The place has a strong or special association with a person, or group of persons, of importance of cultural or natural history of New South Wales's history.

The Sydney Club is of State significance as the headquarters of the influential Sydney Club, formerly the Million Club. The Club was formed to increase immigration to Sydney, but took an active role in advancing New South Wales through many different avenues, including irrigation schemes, roads and railways. The Club had many prominent members, including Percy Hunter, Sir Walter Edward Davidson, Governor of NSW, Sir Arthur Rickard, Sir Joseph Carruthers, a state governor and Dr John Charles Wright, the Anglican Archbishop of Sydney.

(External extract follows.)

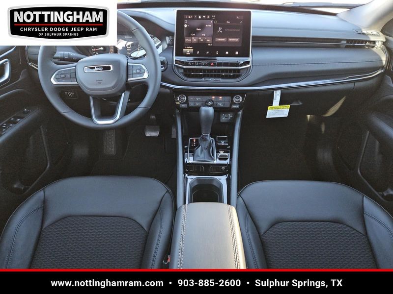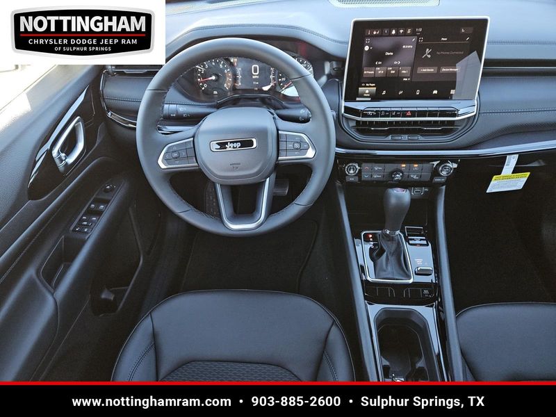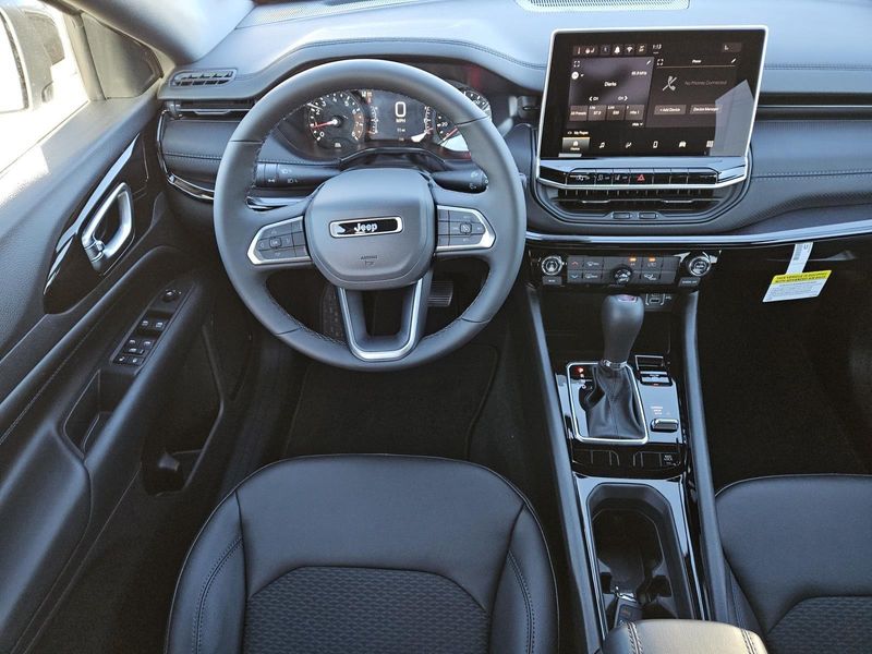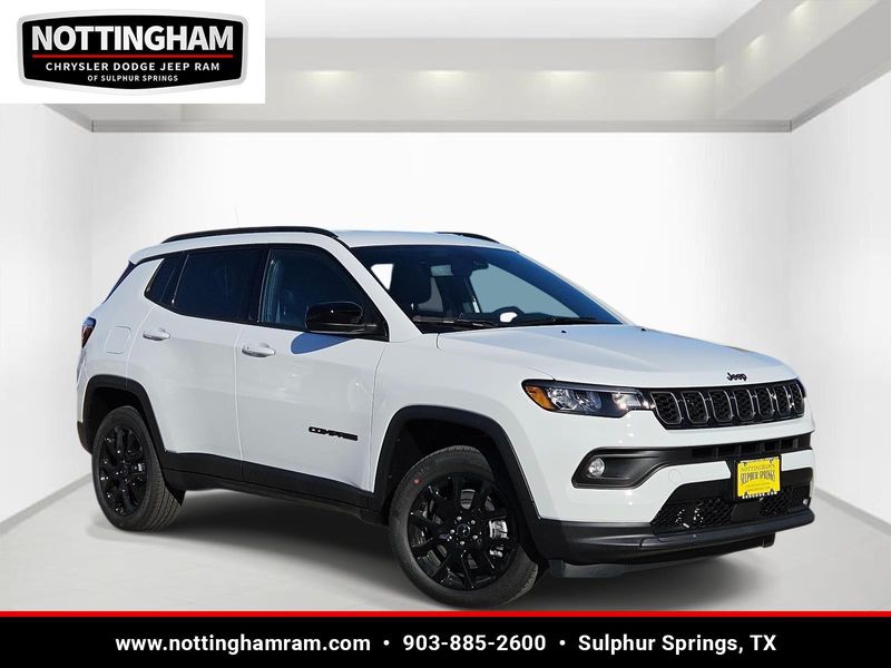 This Bright White Clearcoat 2026 Jeep Compass Latitude Altitude and has a beautiful Black interior color. This Compass has the following 2.0L I4 DOHC DI TURBO ENGINE W/ESS, 8-SPEED AUTOMATIC 8F30 TRANSMISSION, QUICK ORDER PACKAGE 29N ALTITUDE, 18" X 7" GLOSS BLACK PAINTED ALUMINUM WHEELS, 225/55R18 ALL SEASON TIRES, BRIGHT WHITE CLEARCOAT, BLACK, PREMIUM CLOTH/VINYL BUCKET SEATS, FRONT LICENSE PLATE BRACKET

The place is important in demonstrating aesthetic characteristics and/or a high degree of creative or technical achievement in New South Wales.

The Sydney Club is of State significance as a fine example of the Victorian Mannerist architectural style, as applied to a commercial building. The lower floors display a high standard of architectural decoration, despite unsympathetic alterations to the street level. The 1929 addition of the third and fourth storeys was in keeping with the architectural style of the building. The Sydney Club has local significance as a landmark at the corner of Pitt ad Rowe Streets and is a key visual element linking a group of Victorian buildings at the intersection of King and Pitt Streets to the General Post Office, Sydney at the corner of Martin Place.

The place has a strong or special association with a particular community or cultural group in New South Wales for social, cultural or spiritual reasons.

The Sydney Club is of State significance to the many immigrants aided by the Millions Club and Sydney Club through their services to the newly arrived. The Club provided information and facilities to immigrants to help them settle into life in Australia. The Sydney Club is of local significance as the headquarters for the Sydney Yacht Club.